Except that sum is not really that simple, and not really that general, we can simplify it a bit more, each addend for example, if we are using $$n$$-sided dice, and we are in the $$i$$-th explosion.

$$\frac{k \times n \times (n - 1) + n(n 1) / 2}{n^(k + 1)} = \frac{(n - 1) \times (k + 1 / 2)}{n^k}$$

Then we can build the sum,

$$\sum_{k = 0}^{\infty}{\frac{(n - 1) \times (k + 1 / 2)}{n^k}}$$

and we can calculate some prefix sums for $$n$$ = 10, to some arbitrary precision,

$$i$$ $$\sum$$
0 4.50000
1 5.85000
2 6.07500
3 6.10650
4 6.11055
5 6.11105
6 6.11110

and we see that it seems to tend towards $$\frac{55}{9}$$, or $$\frac{10}{9}$$ times better than a normal die. In the general case, for $$n > 1$$,

$$\frac{n(n + 1)}{2(n - 1)}$$

or $$\frac{n}{n - 1}$$ times better than the regular, non-exploding die.

## Comparing to D20

Another common system, with similar qualities is D20, which uses a single d20 dice, but with the special property that a 20 always succeeds. Let us compare the two systems, based on which TN (target-number) that you need to succeed.

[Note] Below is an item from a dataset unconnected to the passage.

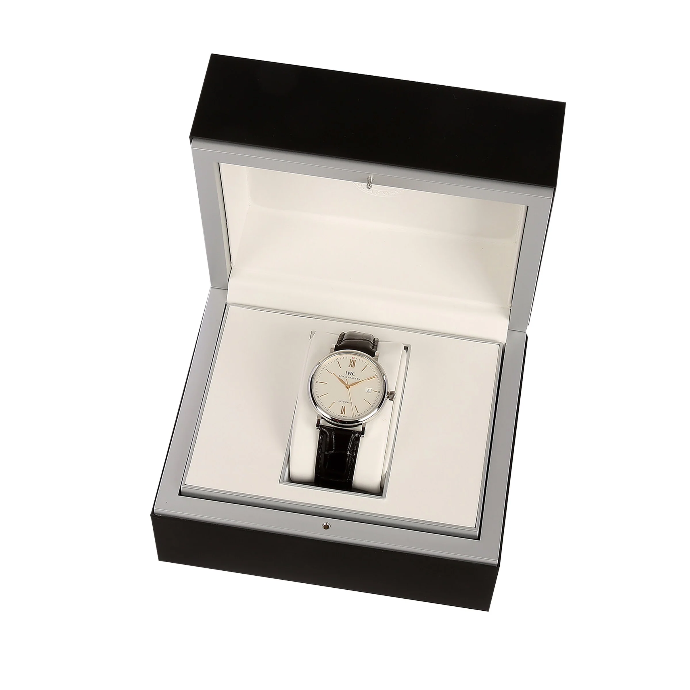 Reimagining an iconic design Powered by Swiss-made automatic movement and water resistant to 3 bar (30 metres) Presented in a striking 40mm stainless steel case and secured with a black alligator leather strap with a pin buckle for added security on the wrist Water resistant to 3 bar (30m) Featuring a 42-hour power reserve SPORTING INSPIRATION Celebrating the IWC Schaffhausen vision of pairing impeccable Swiss precision with cutting edge technology, the Portofino collection takes its design cues from the 1960s, with elegantly sporty push-buttons and chronograph displays. For over 30 years, the collection has effortlessly encapsulated the laid-back Mediterranean lifestyle with understated luxury. With a distinctly sport-inspired aesthetic, this 42mm timepiece is timelessly elegant, powerful and precise. A BEACON OF LUXURIOUS STYLE The robust 40mm stainless steel case is paired with a stylish black alligator leather strap with a pin buckle for added security on the wrist. The crisp white dial is home to gold-tone hour markers and hands, a date display window positioned at 3 o’clock display, as well as Roman numeral markers at 12 and 6 o’clock. Protected by a sapphire crystal lens with anti-reflective coating to eliminate glare and powered by a Swiss-made automatic movement, this timepiece is equipped with a 42-hour power reserve and is water resistant up to 3 bar (30 metres).

In both systems, the lowest roll possible, always fails.

TN d20 2d10
2 95.0% 99.0%
3 90.0% 99.0%
4 85.0% 97.0%
5 80.0% 94.0%
6 75.0% 90.0%
7 70.0% 85.0%
8 65.0% 79.0%
9 60.0% 72.0%
10 55.0% 64.0%
11 50.0% 55.0%
12 45.0% 47.0%
13 40.0% 39.8%
14 35.0% 33.4%
15 30.0% 27.8%
16 25.0% 23.0%
17 20.0% 19.0%
18 15.0% 15.8%
19 10.0% 13.4%
20 5.0% 11.8%
21 5.0% 10.0%
22 5.0% 8.4%
23 5.0% 7.0%
24 5.0% 5.7%
25 5.0% 4.6%
26 5.0% 3.7%
27 5.0% 3.0%
28 5.0% 2.4%
29 5.0% 2.0%
30 5.0% 1.7%

The most interesting parts about the table, is around TN 13 where the automatic success for a single exploding die, which means that the probabilities go a bit funny there, something to watch out for when designing a game with exploding die. The same thing happens higher up in the table as well, but there it doesn't make much difference.

## Conclusion

In the end, if you want your rolls to be average more often, fail less often, but with a quite exciting system for heroic success, use the exploding dice system. If you want a system that is easer to calculate the probabilities on, use a single-die system with automatic success.

I calculated everything by hand, so be a bit wary about my calculations. I only did some quick checking with numerics the result ended up similar.